My goal was to make it possible to develop independent real-time applications
independently, while enabling their predictable concurrent execution, both with each other
and with non-real-time applications. This project began with the
Rialto work using the
Microsoft Interactive TV kernel and
continued with Rialto/NT, which was
based on Windows NT.
- Rialto: Rialto's goal was to make it possible to develop independent
real-time applications independently, while enabling their predictable concurrent
execution, both with each other and with non-real-time applications. Towards this end, we
built a small real-time operating system designed to support advanced consumer multimedia
applications, and used it as a test-bed to experiment with
CPU scheduling and resource negotiation
abstractions.
- Tiger: We built a scalable, fault-tolerant distributed multimedia file system using
commodity hardware.
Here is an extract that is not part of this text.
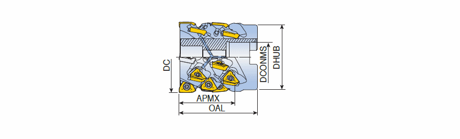 Extended flute shell mills with 3PKT 10 inserts of positive 3 helical cutting edges
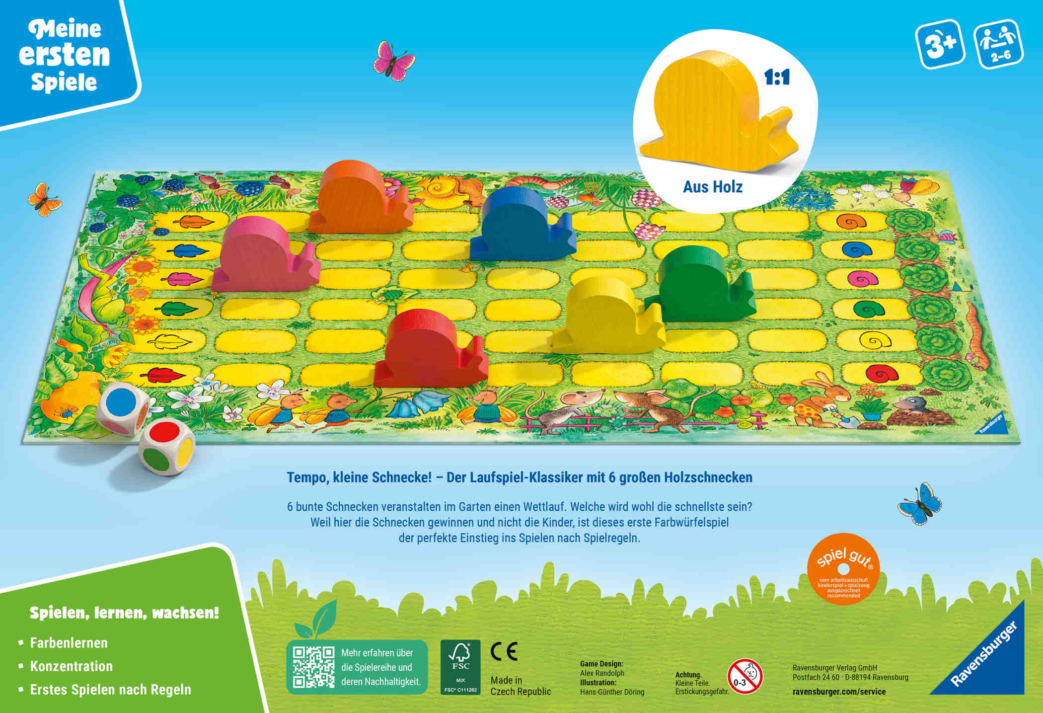 - Beliebter Klassiker: Seit 1985 fördert das lustige Schneckenrennen das Erkennen von Farben, die Konzentration sowie erstes Regelverständnis. So unterstützt dieses Würfelspiel spielerisch die Entwicklung von Kindern ab 3 Jahren

Both Rialto and Tiger were used in
Microsoft's
Interactive TV trial with NTT in Yokosuka, Japan.
Research Projects at Carnegie Mellon University, etc.
- Interposition
Agents: I built
A Toolkit for Interposing User Code at the System Interface (my Ph.D.
thesis system at CMU).
- Mach: The CMU Mach operating system project built a
multi-threaded, multiprocessor, microkernel operating system that was used
as the basis for NextStep and MacOS X.
- Taos: I worked on the Distributed Name Service for the Taos
distributed operating system at the DEC Systems Research Center (DEC SRC).
- SPICE: The CMU Scientific Personal Integrated Computing
Environment (SPICE) project built message-based operating system and
applications for a networked "3M" workstation, one with a megapixel display,
a megabyte of memory, and a 1 Mips processor.